Overview
We have learnt about what bagging is in Ensemble Models: Overview, to recap, bagging is:
- In bagging (Bootstrap Aggregating), a set of weak learners are combined to create a strong learner that obtains better performance than a single one.
- Bagging helps to decrease the model’s variance.
- Combinations of multiple classifiers decrease variance, especially in the case of unstable classifiers, and may produce a more reliable classification than a single classifier. In this blog, we will use random forest as an example to illustrate how bagging works Bagging works as follows:
- Multiple subsets are created from the original dataset, selecting observations with replacement.
- A base model (weak model) is created on each of these subsets.
- The models run in parallel and are independent of each other.
- The final predictions are determined by combining the predictions from all the models.
Next let’s consider random forest, a model that fully utilized the idea of bagging in its procedure.
Random Forest
1. Definition
- A random forest consists of multiple random decision trees.
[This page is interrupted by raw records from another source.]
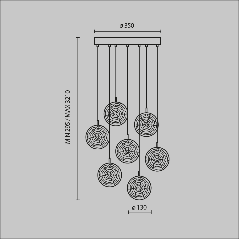 Материал арматуры - металл, цвет - латунь. Серия вдохновлена эстетикой северных лесов. Плафоны - литое цельное стекло в форме и фактуре среза дерева. Три варианта цвета плафонов: прозрачный; прозрачный + матовый; прозрачный + матовый + изумрудный. Эстетичные крепления и магнитная потолочная чаша без видимых болтов. Готовые композиции из 1, 5, 7 и 12 плафонов. Источник света - лампа с цоколем G4.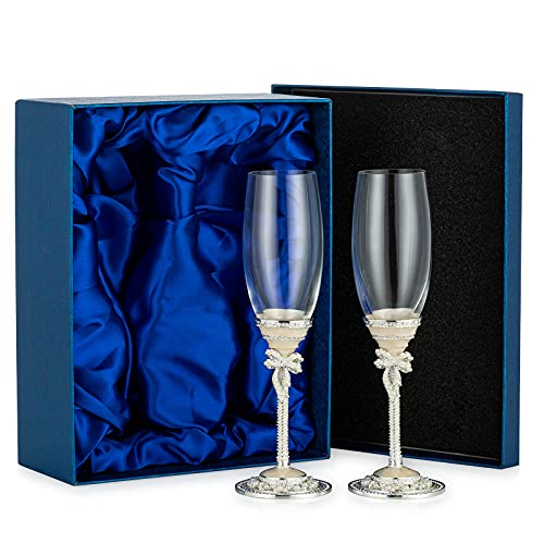【中古】【未使用・未開封品】Barski ガラストースティングフルート シャンパン フルート クリスタルグラス 6個セット ウェディングトースティングフルート シルバー装飾 11オ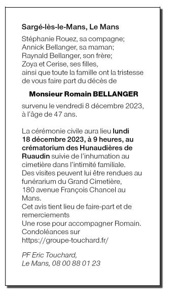 Décédé à Sargé-lès-le-Mans (72190, France) le vendredi 8 décembre 2023 à l'âge de 47 ans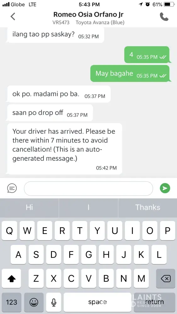 Romeo Osia Orfano Jr driving a blue Toyota Avanza with plate # VR5473 accepted our booking from naia 4 to Tondo. It was a 3 mins distance. Then he started texting me "ilan ang sasakay", " madami ba bagahe". When I called him, he asked me where is the drop off point. Finally when we got inside, he told us that he will drop us sa labas if masikip sa amin. I told him that he was the only grab driver who said that. And besides he accepted my booking so he must drop us where I pin my drop off pt. and for pete's sake it was raining. While inside the car, he was trying to intimidate us by talking to someone else..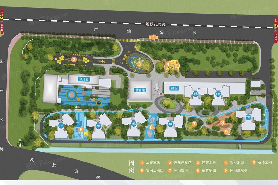 周边直线3km范围内有2个地铁站(朱村、山田),轨道交通发达,距离最近的地铁站是朱村。周边直线1km内有5个公交站周边公共交通较为便捷。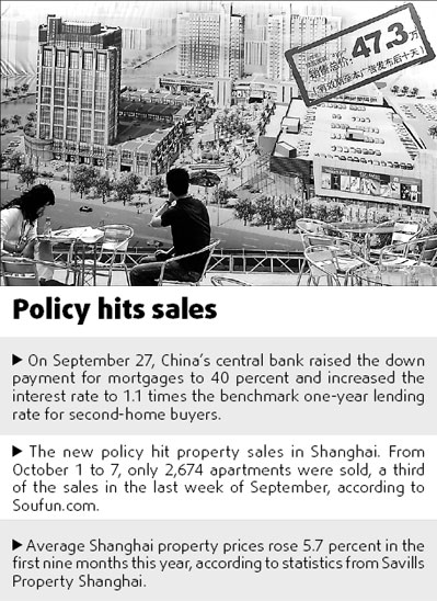 Average Shanghai property prices have risen 5.7 percent in the first nine months this year, according to statistics from Savills Property Shanghai. Wang Yuqi originally planned to buy an apartment in the business center of Jing'an District using earnings from the stock market. The average price in the area is 40,000 yuan persqm. But the new policy has forced him to abandon his plan. Market insiders said many real estate investors will be hit by the new policy on second homes. The government raised mortgage deposits from 30 percent to 40 percent and increased the interest rate to 1.1 times the benchmark lending rate for second-home buyers. That's an interest rate of 8.6 percent for a 10-year mortgage. Second-home buyers will have to pay an extra 100,000 yuan for a mortgage deposit and 62,274 yuan more for a 15-year loan on a 1-million-yuan apartment. "Buyers are struggling to get big enough loans because banks are taking a conservative approach to property appraisals. In many cases properties are valued at less than the sale price," said Gao Shugui, a sales manager at Centaline China Property. The slump in demand is prompting owners to lower prices. According to statistics from Midland Holdings, around 80 percent of owners had lowered prices in Shanghai as at October 10. Of the price drops, 75 percent were reduced to within 5 percent, 3 percent were cut by 6 to 10 percent and 2 percent fell by 10 percent. "Some real estate investors are selling their holdings because they're worried the government will launch further tightening policies," said Feng Hongrui, general manager of Midland Holdings in Shanghai. Tightened lending is expected to push small and medium-sized developers to speed up the sale of new apartments to recycle their working capital. "Smaller developers that lack working capital and find it difficult to access the capital market for funding will likely be hit hard. They might be forced to sell off incomplete projects," said Hingyin Lee, director of research and consultancy at Colliers International Property Consultants (Shanghai) Co Ltd. Gao said the market will stay calm until details of the new property policy are released. But many analysts said the measure will have little adverse impact on genuine buyers in the long term because many are already paying deposits of more than 30 percent of the property price. Recently, 80 percent of residential buyers have had to pay mortgage deposits of 40 percent or more. "The details of the new policy have not been released, so we could see banks interpreting it in different ways," said Shao Minghao, an analyst at Hanyu Property. The Shanghai government has taken several measures to prevent developers from withholding apartments to manipulate property prices, which have boosted supply. Projects of less than 30,000sqm in gross floor area must now be pre-sold in one go. For developments of more than 30,000sqm, developers will be allowed to pre-sell or sell in phases on the condition that each phase offers at least 30,000sqm in gross floor area, according to the Shanghai municipal housing, land and resource administration bureau. |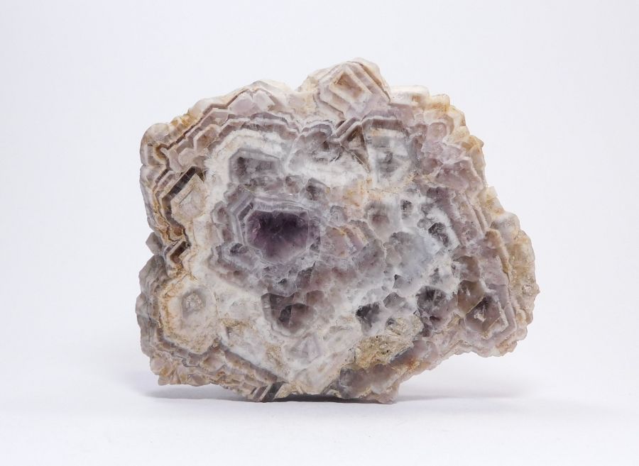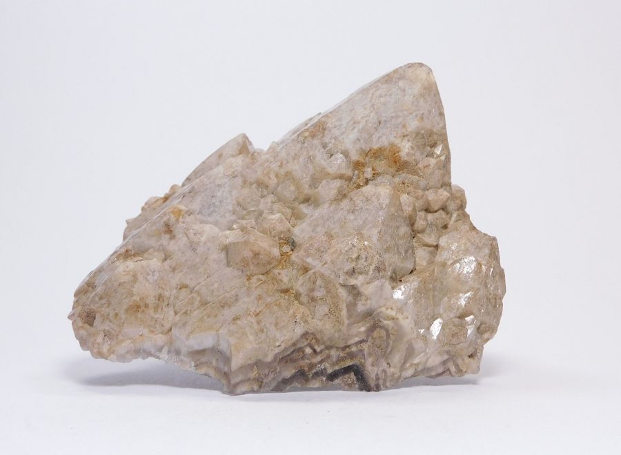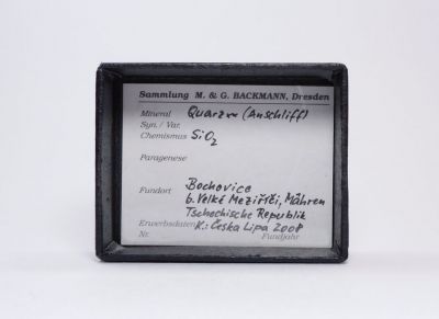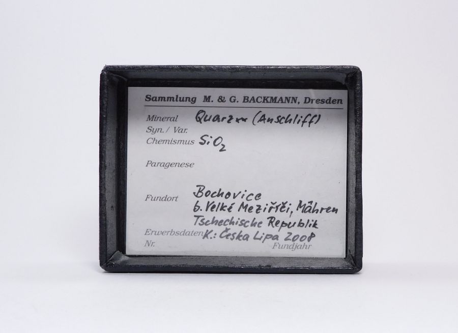 Estetická drúza skelně lesklých a povrchově bíle zbarvených krystalů křemene o celkové velikosti 7,4x6,1x3,9cm, mající zonální vývoj, o čemž svědčí ve spodní části seříznutá a následně vyleštěná plocha s krásnou texturou. Zde je možné spatřit hned několik odrůd křemene, a to světle hnědé záhnědy, světle fialového ametystu, bezbarvého křišťálu a mléčně zabarveného křemene. Jedná se o můj vlastní nález v roce 1991. Úsměvné, když se „kluci“ vrací po desetiletích domů 😊. Vzorek se sbírkovou popiskou a krabičkou. Ex.Coll. G. Backmann, Drážďany, Německo.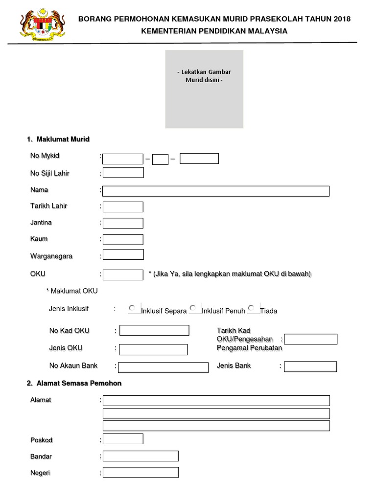 Borang Permohonan Prasekolah 2018 : Tarikh tutup pencalonan bagi pengurniaan darjah kebesaran, bintang dan pingat persekutuan tahun 2018 adalah pada 28 februari 2018(rabu).. Permohonan kemasukan ke prasekolah kpm tahun 2021 boleh dilakukan secara dalam talian atau secara manual melalui sekolah yang dimohon. Permohonan ini bagi sesi persekolahan tahun 2020. Borang permohonan ppm sambilan boleh dimuat turun melalui pautan di bawah makluman kepada semua guru prasekolah ppd petaling perdana bahawa kutipan data mentah ippk fasa 2 tahun 2018 akan bermula pada bulan oktober. Bagi permohonan kemasukan ke prasekolah kementerian pendidikan malaysia (kpm) untuk tahun 2021 online akan dibuka pada 1. 1 mac hingga 30 april 2018 bagi pengisian online manakala 1 mac hingga 31 5.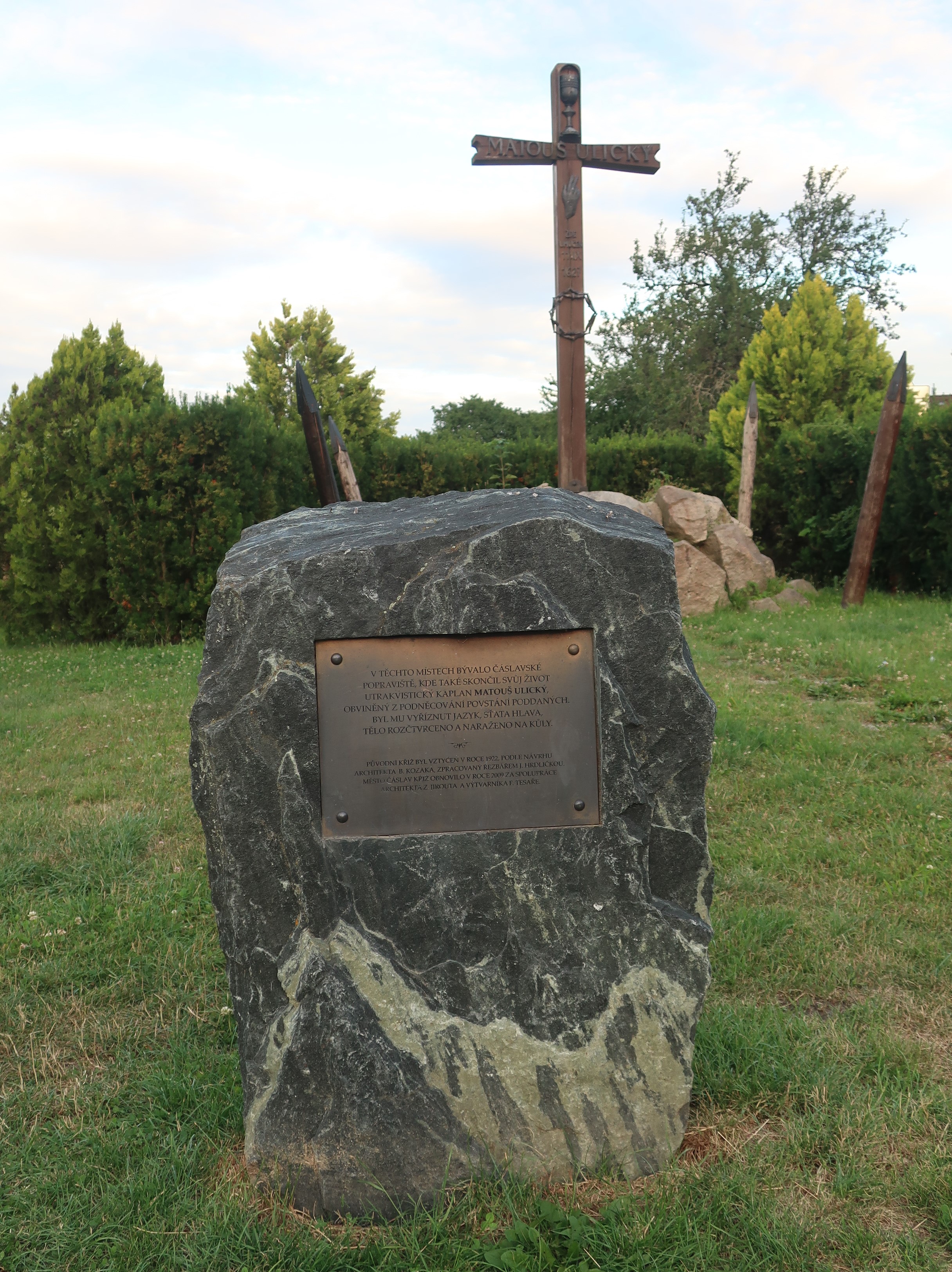 Utrakvistický kaplan Matouš Ulický pocházel z Moravy. Během stavovského povstání kolem r. 1619 odešel do Čáslavi, kde se r. 1621 oženil a stal se děkanem v kostele svatých Petra a Pavla. Již v r. 1624 však musel odejít do emigrace. Roku 1627 se do Čech vrátil, aby navštívil svou nemocnou ženu. V tom samém roce se bohužel také zapojil do nevolnického povstání, v němž sehrál vůdčí roli. Po porážce povstalců na Neštětické hoře (poč. září 1627) se Matouš ukrýval v Krchlebech. Záhy byl však zatčen, převezen do Čáslavi a uvězněn. Následně byl podroben právu útrpnému a 11. 9. 1627 byla provedena potupná poprava. Byl mu vyříznut jazyk, hlava setnuta, tělo rozčtvrceno a naraženo na kůly. Toto ohavné divadlo se odehrálo rovněž v Čáslavi na městském popravišti Na Stínadlech (viz foto).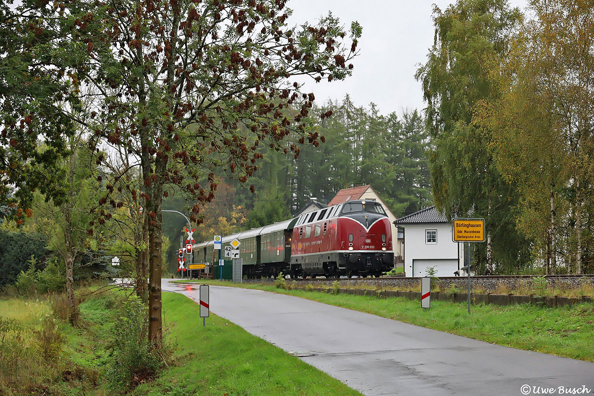 Km 42,4 Ortslage BörlinghausenDer sonntägliche Herbstausflug der Museumseisenbahn Hamm mit deren V 200 033 und dem Wirtschaftswunderzug führte am 05. Oktober 2025 in das Bergische Land zum Eisenbahnmuseum nach Dieringhausen. Uwe Busch konnte die Hinfahrt bei bescheidenen Wetterverhältnissen unter anderem auch in der Ortslage Börlinghausen bildlich festhalten.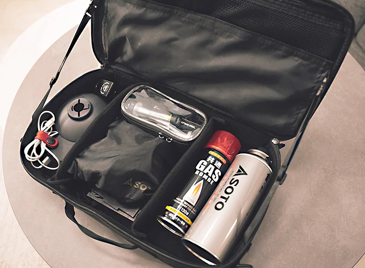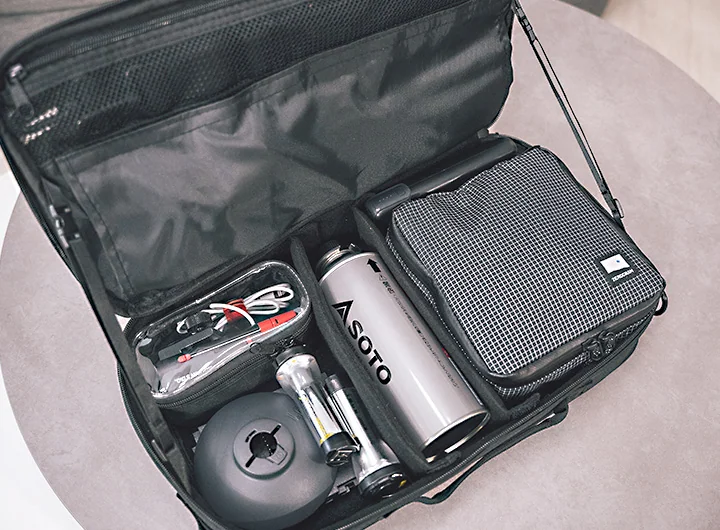 収納例としてORGANIZER CASE LARGEの高さは7.5cmなので、CD缶やRamen Pan Plusの収納にもちょうどいいです。筆者はST-340やゼログラムのラーメンパン、CD缶、まな板、モバイルバッテリー、ゴールゼロ(GoalZero)など、テーブル上で使う調理器具と電気・照明関連のキャンプギアをまとめて収納しています。ORGANIZER CASE LARGEを広げれば、食卓テーブルの準備が完了する利用法です。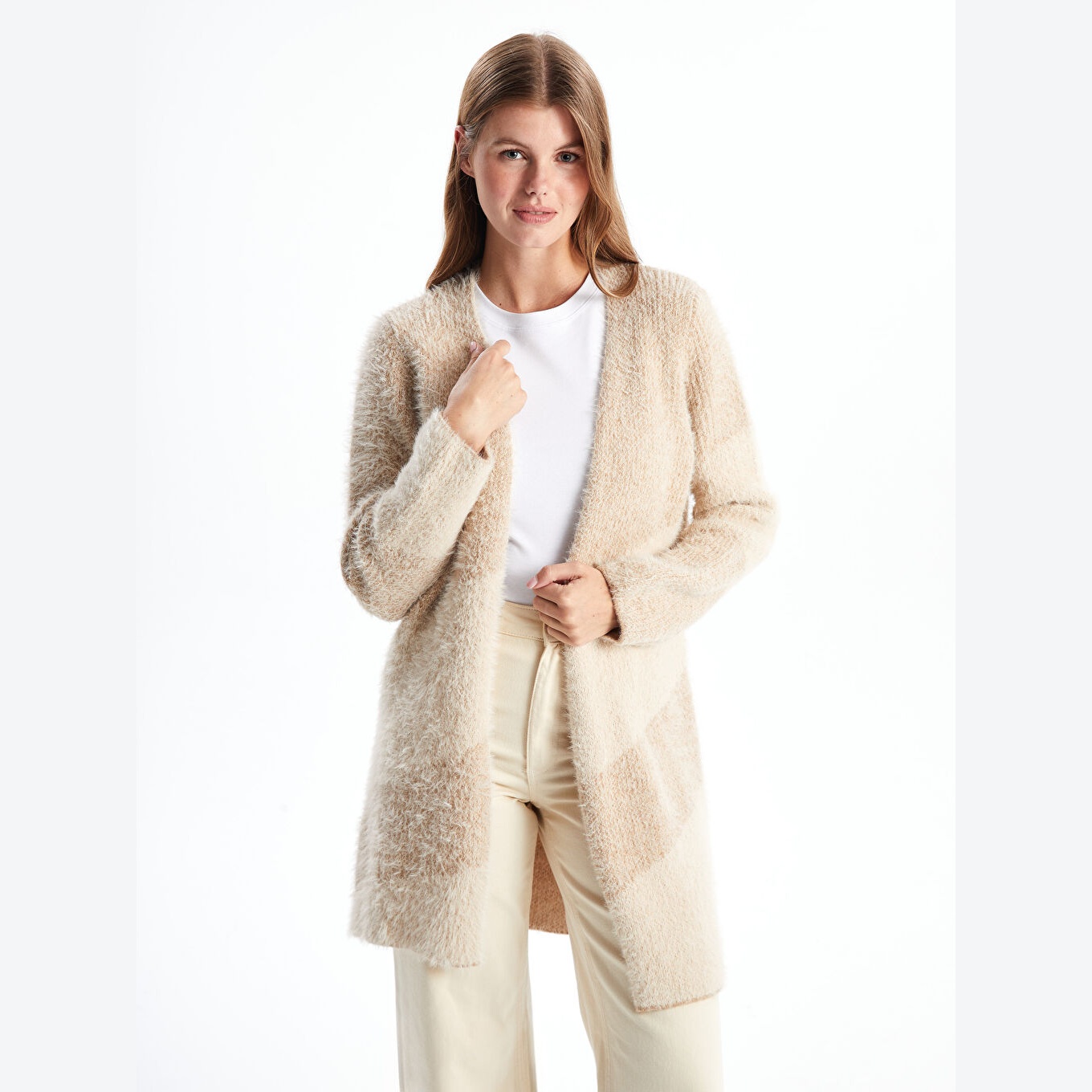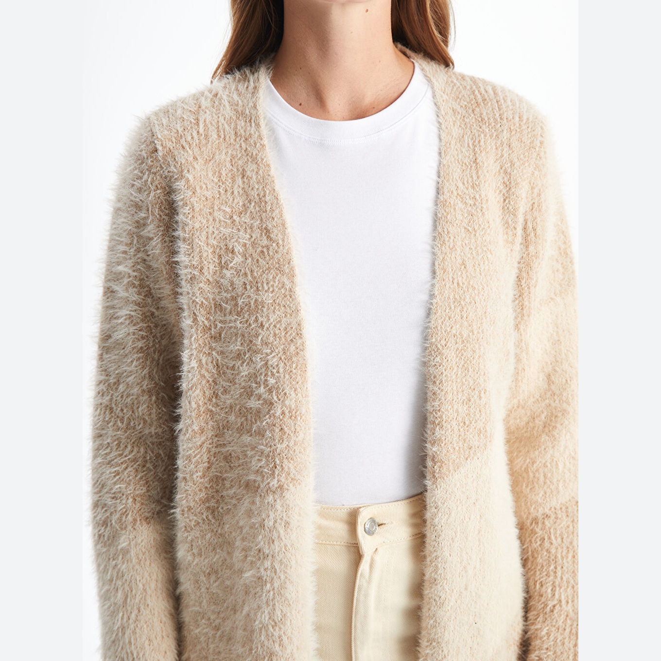 كارديغان شتوي أنيق من مجموعة LCW Classic بلون بني مع تفاصيل بلوك لوني متداخل تضيف لمسة عصرية، مصمم بياقة شال تمنحك مظهرًا راقيًا وانسيابيًا، قصة قياسية (Regular Fit) توفر راحة مثالية، خامة تريكو سميكة بتركيبة ناعمة من %66 بوليستر و%34 أكريليك، مزود بتفاصيل ريبانا عند الأكمام والحافة السفلية، بطول يُقاس من الكتف، مثالي للإطلالات اليومية أو المكتبية أو المنزلية، متوفر بمقاسات من S حتى 3XL، ويندرج ضمن مجموعة Büyük Beden التي توازن بين العملية والراحة.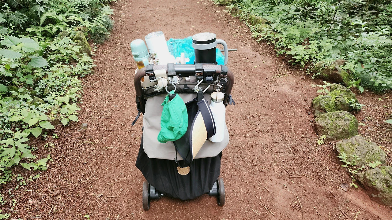 특히 장마철에 빛을 발했다. 비자림 숲길을 걸을 때, 아이가 모기를 물릴까 싶어 모기장을 씌우고, 더울까 봐 선풍기도 달았다. 고리에는 던져버린 모자와 쇼핑백이 걸려 있었고, 컵홀더에는 생수 세 병이 꽂혀 있었다. 그럼에도 대박이는 흔들리는 유모차 속에서 꿀잠을 자고 있었다. 바람은 살랑살랑 불고, 모기장은 촘촘히 그를 지켜주었다. 두 손이 자유로운 나는 효린이에게 바로 물을 건네줄 수 있었고, 효린이가 다 마신 물은 다시 컵홀더로 돌아갔다. 그 순간, “유모차 없었으면 어쩔 뻔했을까”라는 생각이 절로 들었다.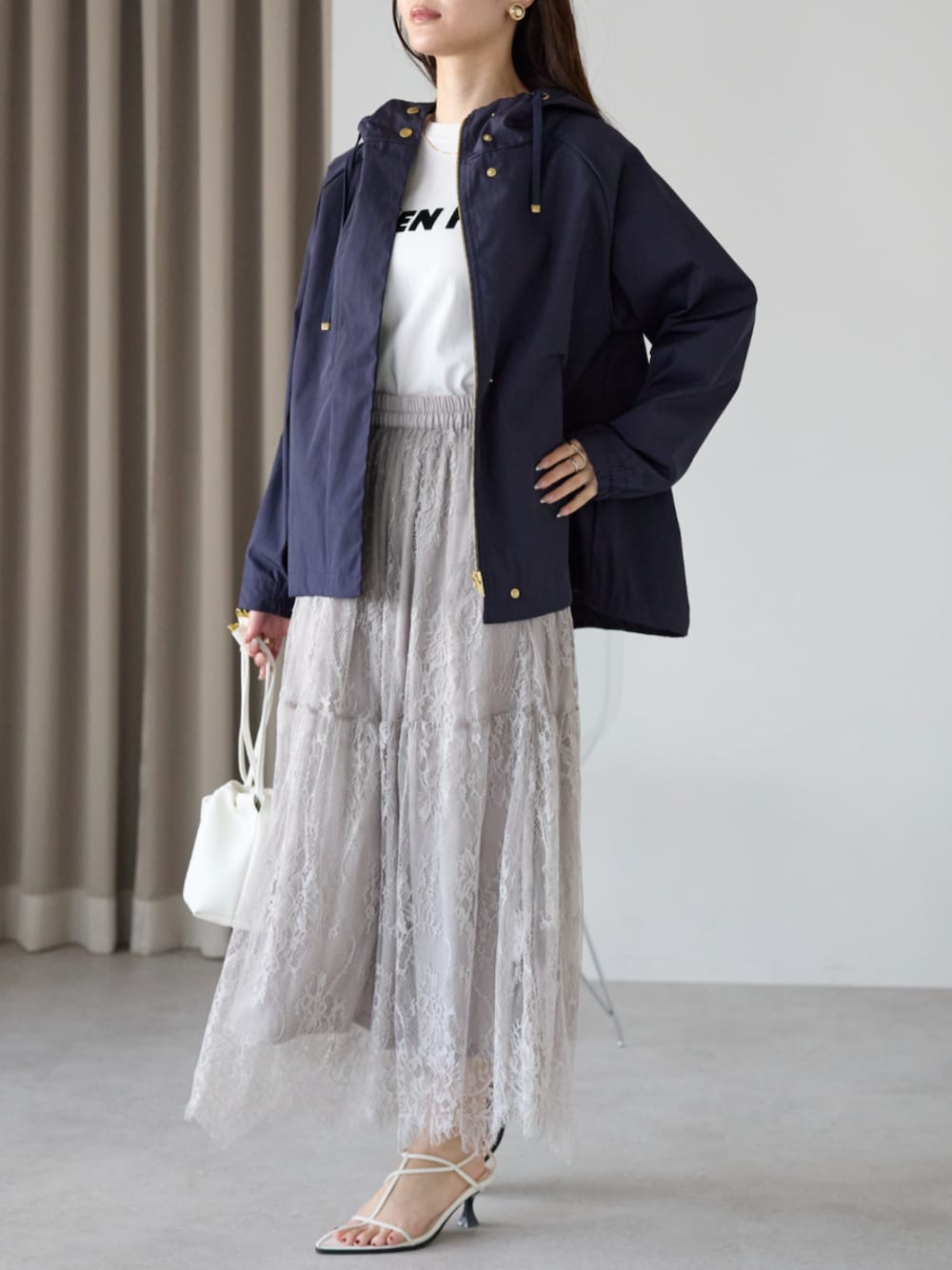 PREFERIR_web(PREFERIR OFFICIAL)のスカート「【春定番】レースティアードロングスカート(ペチコート付き)」を使ったコーディネート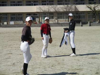 卒業生が練習に来てくれました。後輩もハッスルしています。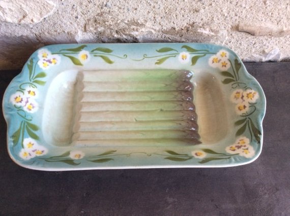 19th Century Antique French Pottery Asparagus Serving Dish Sarreguemines Majolica Style

Two types of randomnesses are built into the trees.
- First, each tree is built on a random sample from the original data.
- Second, at each tree node, a subset of features are randomly selected to generate the best split. (Key difference from Bagging algorithms)
- An ensemble model that is widely applied (as it can be parallelized)
- Designed to solve the overfitting issue in Decision Tree. The idea is that by training each tree on different samples, although each tree might have high variance with respect to a particular set of the training data, overall, the entire forest will have lower variance but not at the cost of increasing the bias.
- Procedure
Execute until every last combination is exhausted- Bootstrapping: Create a bootstraped dataset: randomly select samples from the dataset until it reaches the same size as the original sample (we’re allowed to pick the same sample more than once);
- Decision Tree Construction: Create a decision tree using the bootstraped dataset, but only use a random subset of variables/features at each step (i.e each decision node selection);
- Bagging: defined as bootstrapping the data plus using the aggregation to make a decision
- given a new instance, run through all the decision trees (the enitre random forest) and obtain the sum of votes for y = 1 and y = 0; (this step is called “aggregation”)
- decide on result of aggregation $\implies$ using the result with higher vote;
- Choose the most accurate random forest:
- Measure Accuracy based on the Out-of-Bag samples (CV) $\implies$ compute the Out-of-Bag Error as the # of samples which Bagging classifies wrongly
- Choice of number of variable used per step affects accuracy (optimized during CV): Usually choose the square root of the # of total variables and try a few settings above and below that value
- The low correlation between models is the key
WARNING: RF is often considered as Bagging model while it is not always true, see this link
2. Pros & Cons
Pros
- The power of handle large data sets with higher dimensionality (as each tree select much less features in its construction)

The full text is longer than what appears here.